(Beginning of Provided material)

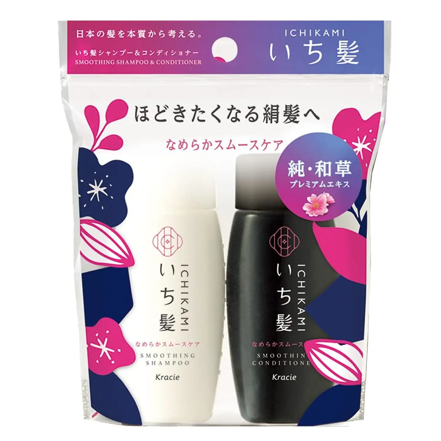 Thinking about Japanese hair from the essence. From the hair care brand "Ichikami" comes a set of "Smooth Care" shampoo and conditioner in a convenient mini size for carrying in a pouch.
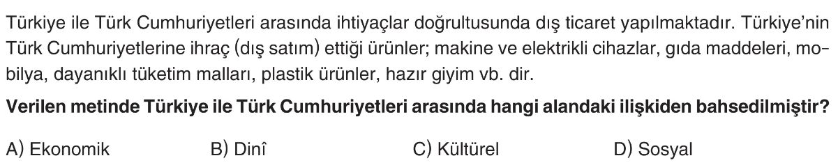 6. Sınıf Ülkemizin Türk Dünyasıyla Kültürel İş Birlikleri Test 1
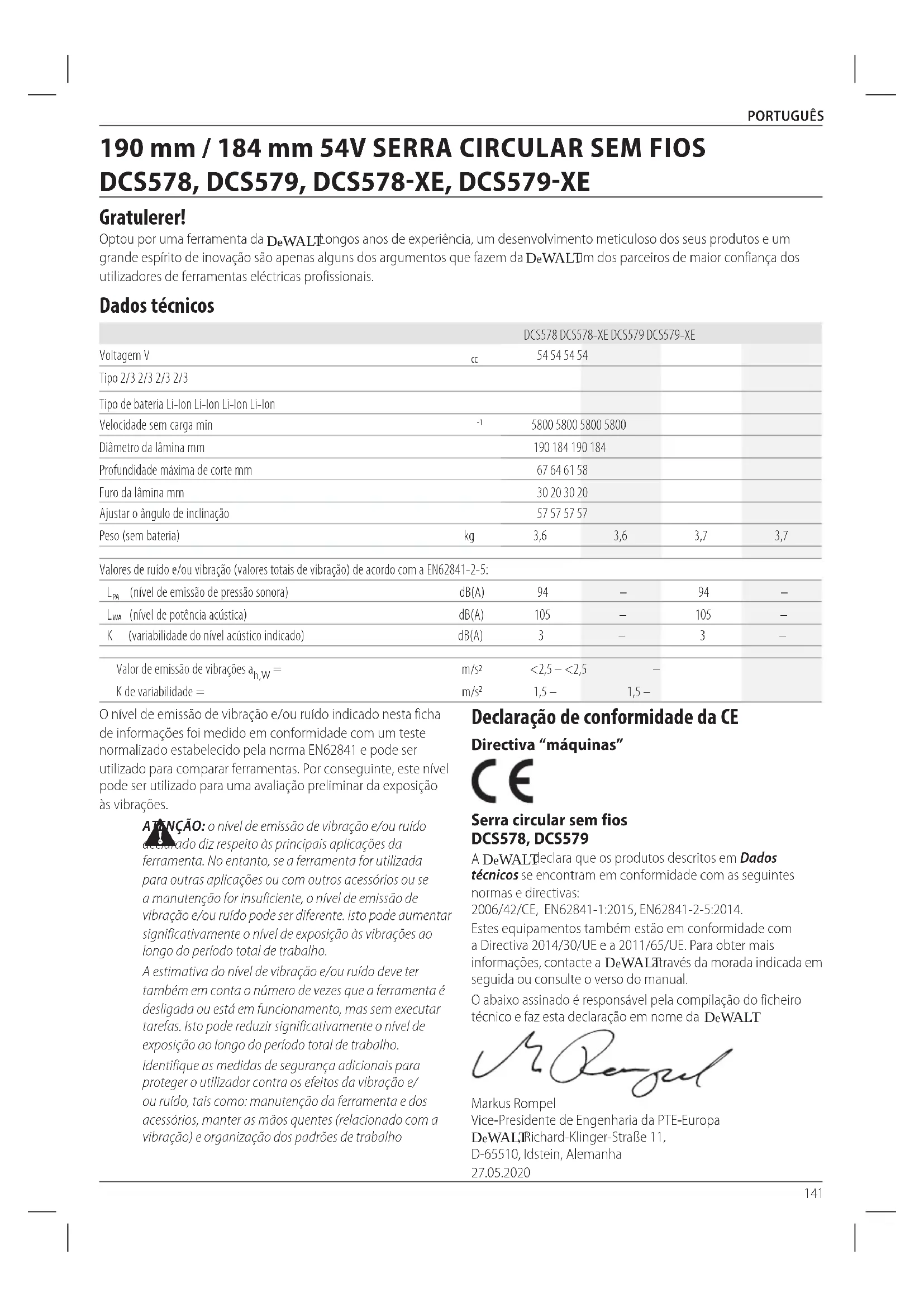 DeWALT declara que os produtos descritos em Dados técnicos se encontram em conformidade com as seguintes normas e directivas: 2006/42/CE, EN62841-1:2015, EN62841-2-5:2014. Estes equipamentos também estão em conformidade com a Directiva 2014/30/UE e a 2011/65/UE. Para obter mais informações, contacte a DeWALT através da morada indicada em seguida ou consulte o verso domanual. O abaixo assinado é responsável pela compilação do ficheiro técnico e faz esta declaração em nome da DeWALT

(End of Provided material)

What you will do:
For this exercise, retype the listing above word for word and omit the pictures.

Result for this task:
 Thinking about Japanese hair from the essence. From the hair care brand "Ichikami" comes a set of "Smooth Care" shampoo and conditioner in a convenient mini size for carrying in a pouch.
 6. Sınıf Ülkemizin Türk Dünyasıyla Kültürel İş Birlikleri Test 1
 DeWALT declara que os produtos descritos em Dados técnicos se encontram em conformidade com as seguintes normas e directivas: 2006/42/CE, EN62841-1:2015, EN62841-2-5:2014. Estes equipamentos também estão em conformidade com a Directiva 2014/30/UE e a 2011/65/UE. Para obter mais informações, contacte a DeWALT através da morada indicada em seguida ou consulte o verso domanual. O abaixo assinado é responsável pela compilação do ficheiro técnico e faz esta declaração em nome da DeWALT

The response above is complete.